EPA Announces Study to Re-Examine the Health Risks of Hydrofracking
As the federal agency launches its newest study, states are implementing stricter regulatory standards for hydro-fracking.
The U.S. Environmental Protection Agency has announced a $1.9 million study that will re-examine a controversial drilling technique used to free natural gas, the AP reports.
The EPA’s decision comes as corporate interest increases in the Marcellus Shale region—95,000 square miles of dense rock beneath the Pennsylvania New York, West Virginia and Ohio that contains enough natural gas to supply the East Coast for a half century.
Roughly 90 percent of the 450,000 gas wells in the U.S. use hydraulic fracturing—a process that uses large amounts of pressurized water mixed with chemicals to fracture land to extract fossil fuels located deep underground. Commonly referred to as “fracking,” it requires a mixture of water and toxic chemicals that some fear could potentially pollute water sources. Additionally, aquifer depletion concerns have cropped up given that the average frack uses 4 million gallons of water.
In 2005 Congress ruled that fracking didn’t need to be regulated by the federal government.
But the EPA’s announcement comes off the heels of Pennsylvania’s decision to finalize standards that will help regulate fracking in the state. In response to fish kills, building corrosion, natural gas explosions and consumer complaints about water from natural gas drilling in the region, the state’s Department of Environmental Protection has ruled to monitor total dissolved solids (TDS) for the first time. TDS are a compilation of the organic and inorganic material found in liquids that can come from surface runoff.
Pennsylvania has implemented stricter standards on natural gas drilling because high levels of TDS, including sulfides and chlorides, were found in the wastewater left over from the drilling process. Abandoned coal mines in both Pennsylvania and West Virginia have added high levels of sulfates to the water, according to DEP spokesman, William Rathbun.
“We discovered that during low water and drought that the rivers were getting overwhelmed with high levels of salts chlorides and sulfates,” Rathbun said.
These contaminants can lead to health risks as well as higher operational and maintenance costs.
Earlier this month, cows that had allegedly consumed toxic wastewater from natural gas drilling were pulled off the food market from a farm in northern Pennsylvania, Reuters reports.
“Wastewater treatment plants were not equipped to treat for it because they had never been required to before,” Rathbun said. As a result, contamination consequences have slipped through the cracks, unmonitored.
One of the accusations has been that drilling companies do not come forth with the chemicals that are being used during fracking.
Pennsylvania state law requires that companies provide the names of chemicals they are using on site.
Other states are also calling for more public transparency. Wyoming’s Oil and Gas Conservation Commission approved rules last month that require companies to make public a list of chemicals used in the fracking.
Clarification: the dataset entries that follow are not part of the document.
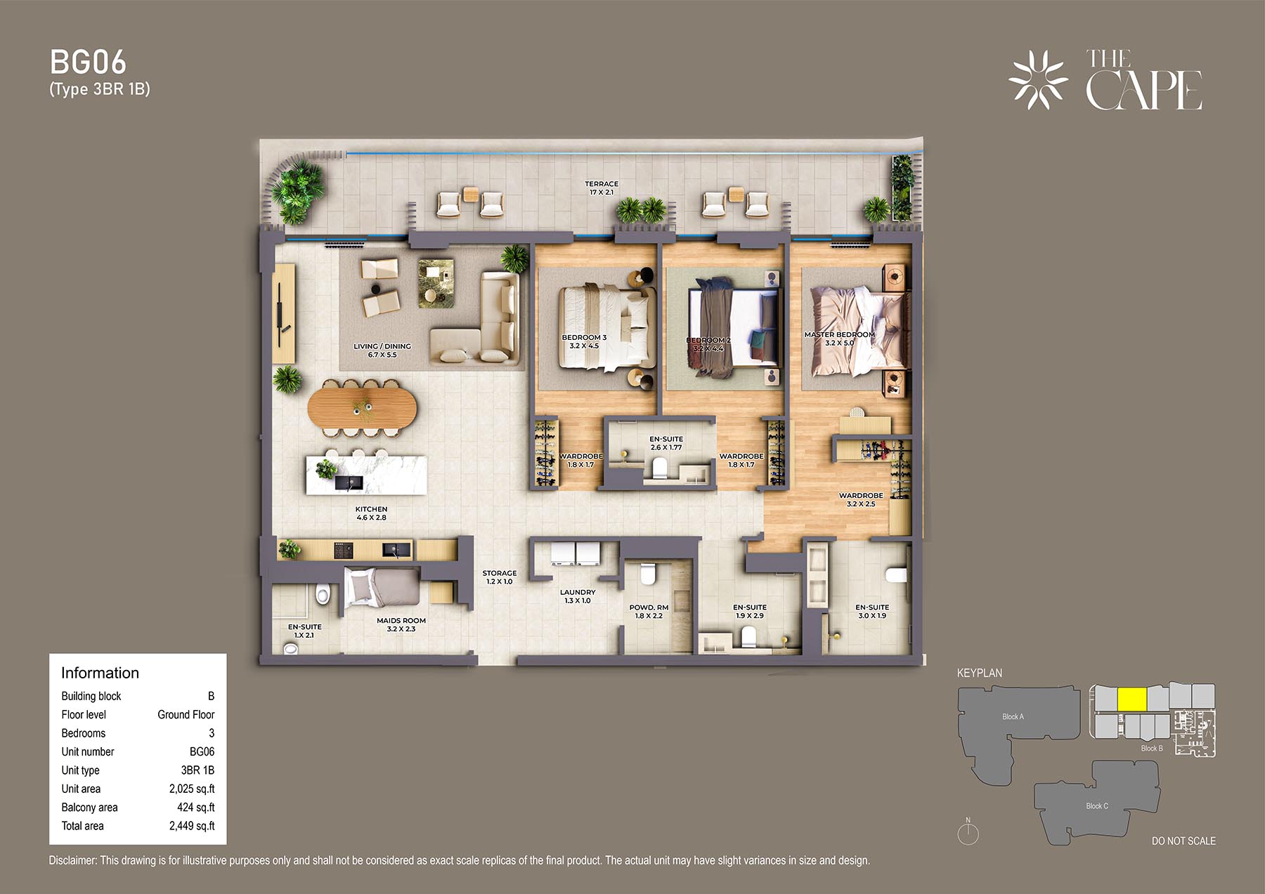 | Block B | 3 Bedrooms + Maid | Ground Floor Unit-BG06 (Type 3BR 1B) | 2449.00 Sq Ft | Click Here |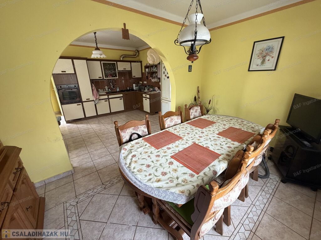 A 130 m²-es ingatlan praktikus elrendezésű: 4 tágas szoba, 2 fürdőszoba és WC biztosítja a kényelmes mindennapokat valamint egy mosókonyha. A ház egyik igazi különlegessége a hatalmas, étkezős konyha, amely tökéletes helyszíne lehet a családi összejöveteleknek és baráti vacsoráknak.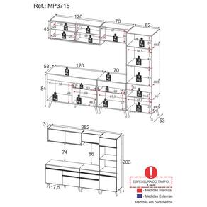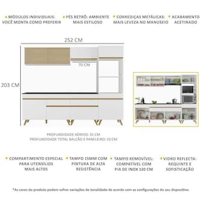 Dimensões do produto montado: Altura: 203cm | Largura: 252cm | Profundidade: 31cm (aéreos) - 53cm (paneleiro e balcão com tampo) *Você pode consultar as medidas internas na imagem técnica do produto.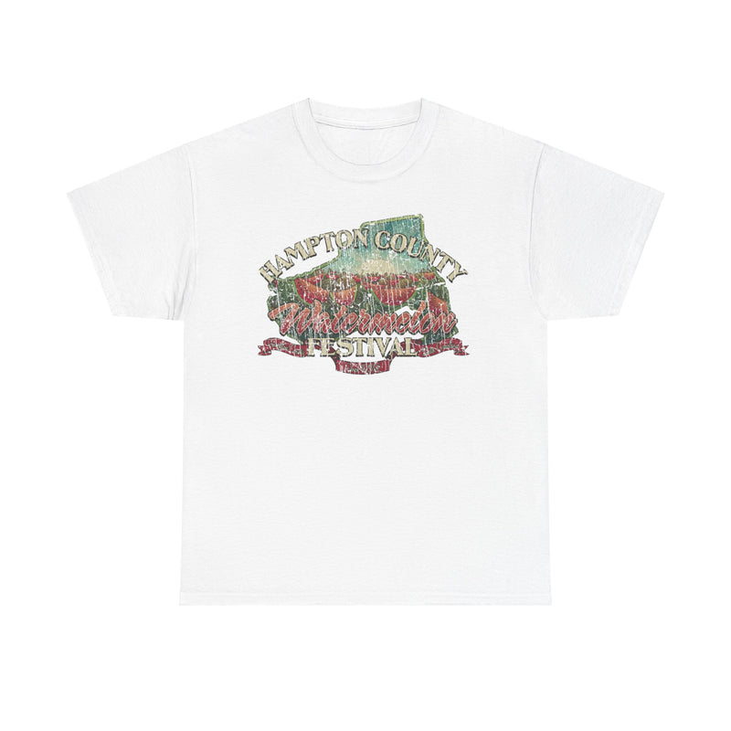 Our shirt features a vintage-inspired design on the front, showcasing the festival's logo or a stylized watermelon slice with "Hampton County Watermelon Festival" prominently displayed. The distressed, sun-faded look gives it an authentic, well-loved appearance as if it's been worn to many summers of festive fun. The back of the shirt is left blank, allowing the front design to be the juicy centerpiece.
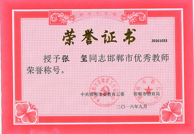 在市委、市政府和省教育廳的正確領(lǐng)導下,在市人大、市政協(xié)的監(jiān)督下,一年來,張校長領(lǐng)導全體教職員工緊緊圍繞“提高教育教學質(zhì)量、辦好人民滿意教育”這一核心目標,艱苦奮斗,改革創(chuàng)新,無私奉獻,使教育工作取得顯著成績。2016年9月,張校長榮獲“邯鄲市優(yōu)秀教師”榮譽稱號。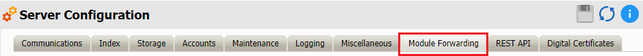 Path: Retain Server Manager > Configuration > Server Configuration > Module Forwarding Tab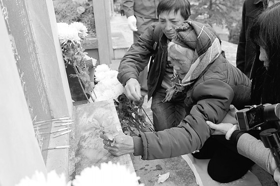 3月26日,云南屏边烈士陵园,王发坤烈士(电影《高山下的花环》主角梁三喜原型)遗孀李金花(中)在丈夫墓碑前,手握杜鹃花泣不成声。当天,由华夏保险-华夏慈善基金资助的英雄祭奠活动在屏边烈士陵园举行。

Meanwhile Colorado passed a similar requirements last year, reports The Daily Sentinel.
Meanwhile the DEP has released a list of 80 chemicals that are brought to the well site where the fracking process takes place. A second list of chemicals that are actually used in the process are set to be released this month.
“It is critical that we implement a strong discharge standard for wastewater that does make it into our water supply,” Pennsylvania House Representative David Levdansky, told the Pittsburgh Post-Gazzette.”
“Hydrofracking has never been conducted on such a scale and with such volumes of water in our state before,” Levdansky said.
“Drilling wastewater contains TDS levels that are thousands of times more harmful to aquatic life than discharges from other industries. Without imposing limits on this pollution, treatment costs for this wastewater are passed along to downstream industries and municipal ratepayers,” Environmental Protection Secretary John Hanger told The Empowered Municipality, A Pennsylvania based organization connecting municipal decisionmakers and suppliers.
In addition to pollution concerns, there have been recent disasters from the Marcellus Shale drilling pads.
Early last month, a drilling pad exploded in Clearfield County, a rural area of northern Pennsylvania, with gas and contaminated water shooting up to 75 feet in the air for 16 hours, according to theAP.
Four days later a natural gas explosion injured seven crew members in Moundsville, West Virginia, which sits near the state’s border with Ohio and Pennsylvania, reports the Pittsburgh Post-Gazette.
There were two specific events that inspired the DEP to established, the Environmental Quality Board, the panel was established to investigate chemicals released in the fracking process. It took one year to implement the new TDS requirements.
Earlier this year the Upper Delaware River was deemed the most endangered river in the U.S. by American Rivers, a leading national conservation non-profit, because of threats from natural gas drilling. Much of the Marcellus Shale formation resides in the Delaware River Basin.